*EXERCISE AIM*.
Please write out all the data that follows exactly, without the pictures.

*RAW DATA*.
※
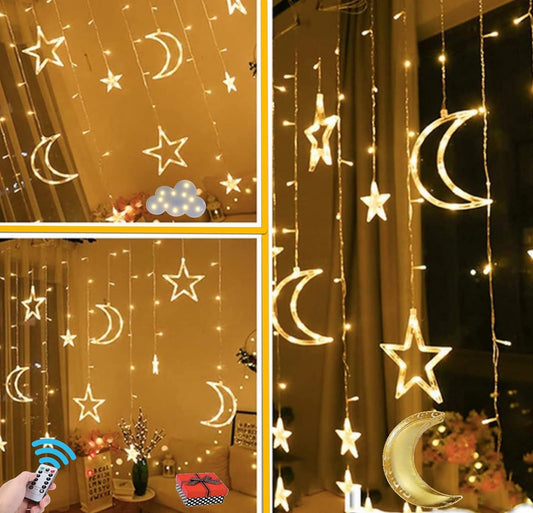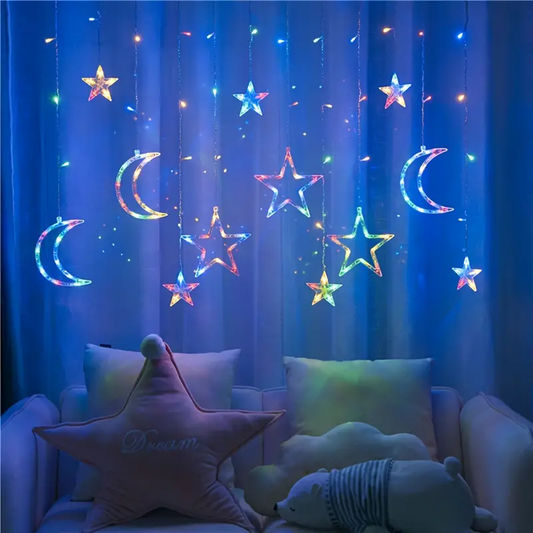 Christmas Ramadan Moon Star Holiday Curtain LED Lights (Solar/Plug) (Colour)
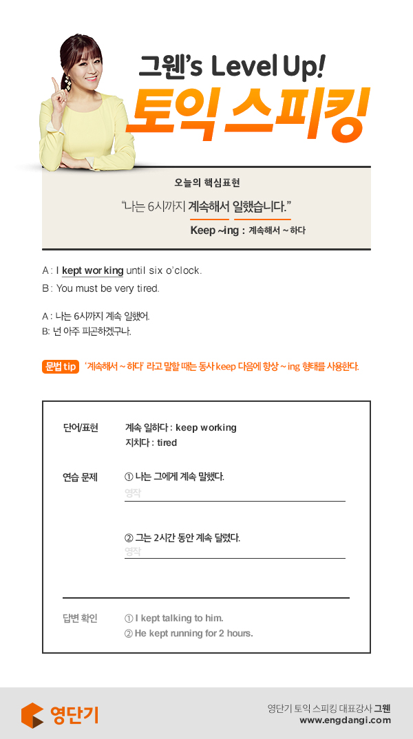 [그웬의 레벨업 토익스피킹] "계속 일했어요" 직장 상사에게 남길 강한 한 마디
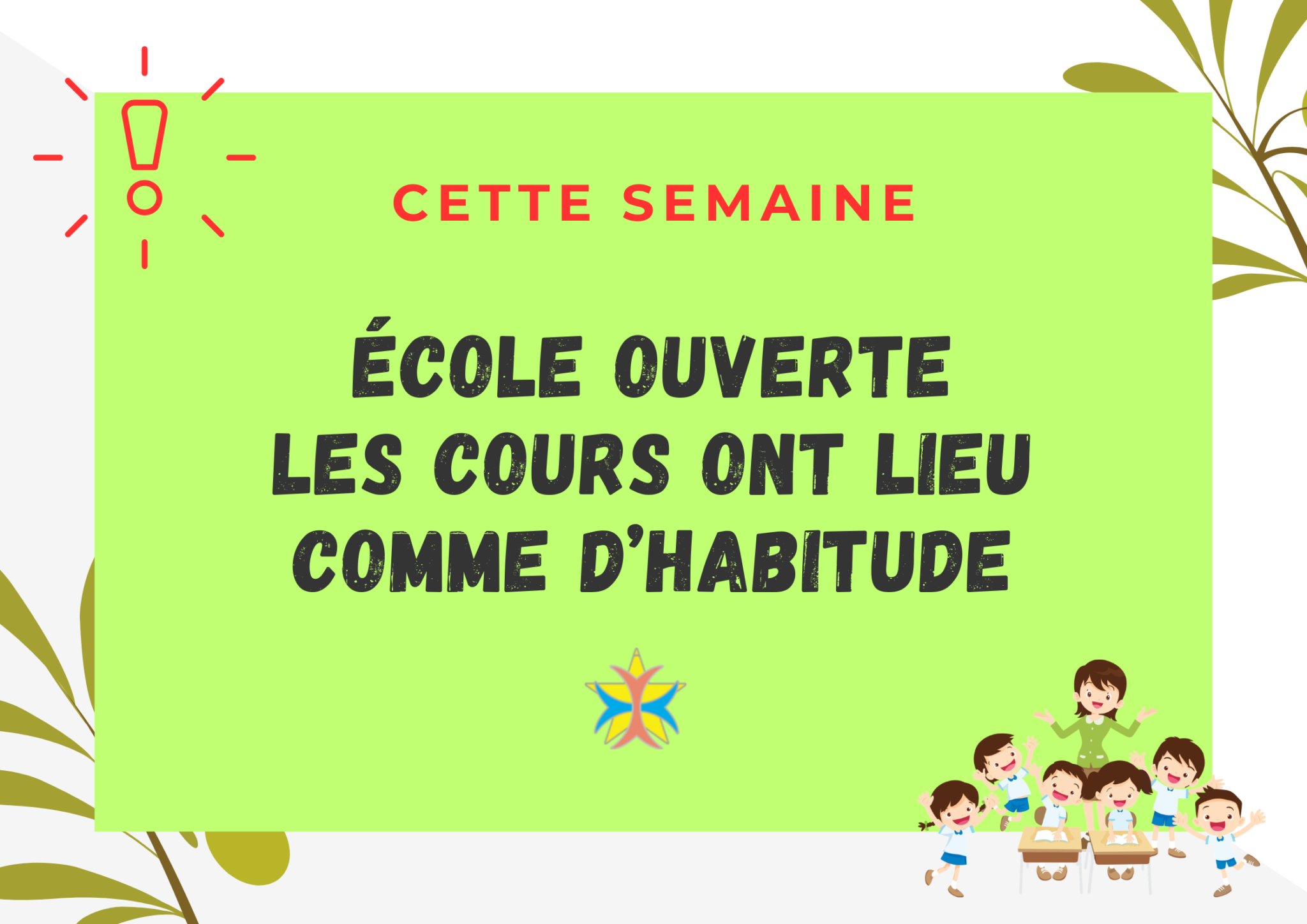 Chers parents, Voici un rappel des heures d’ouverture et de fermeture de notre école. Merci à vous pour votre ponctualité. Belle journée, La direction et l’équipe éducative
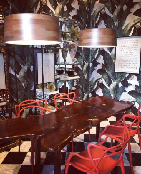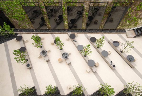 Los bancos largos con tapas de mesas del material llamado dektonsa, súper resistente al rayado y manchas; apto para exteriores.
※
*RESPONSE*.
 Christmas Ramadan Moon Star Holiday Curtain LED Lights (Solar/Plug) (Colour)
 [그웬의 레벨업 토익스피킹] "계속 일했어요" 직장 상사에게 남길 강한 한 마디
 Chers parents, Voici un rappel des heures d’ouverture et de fermeture de notre école. Merci à vous pour votre ponctualité. Belle journée, La direction et l’équipe éducative
 Los bancos largos con tapas de mesas del material llamado dektonsa, súper resistente al rayado y manchas; apto para exteriores.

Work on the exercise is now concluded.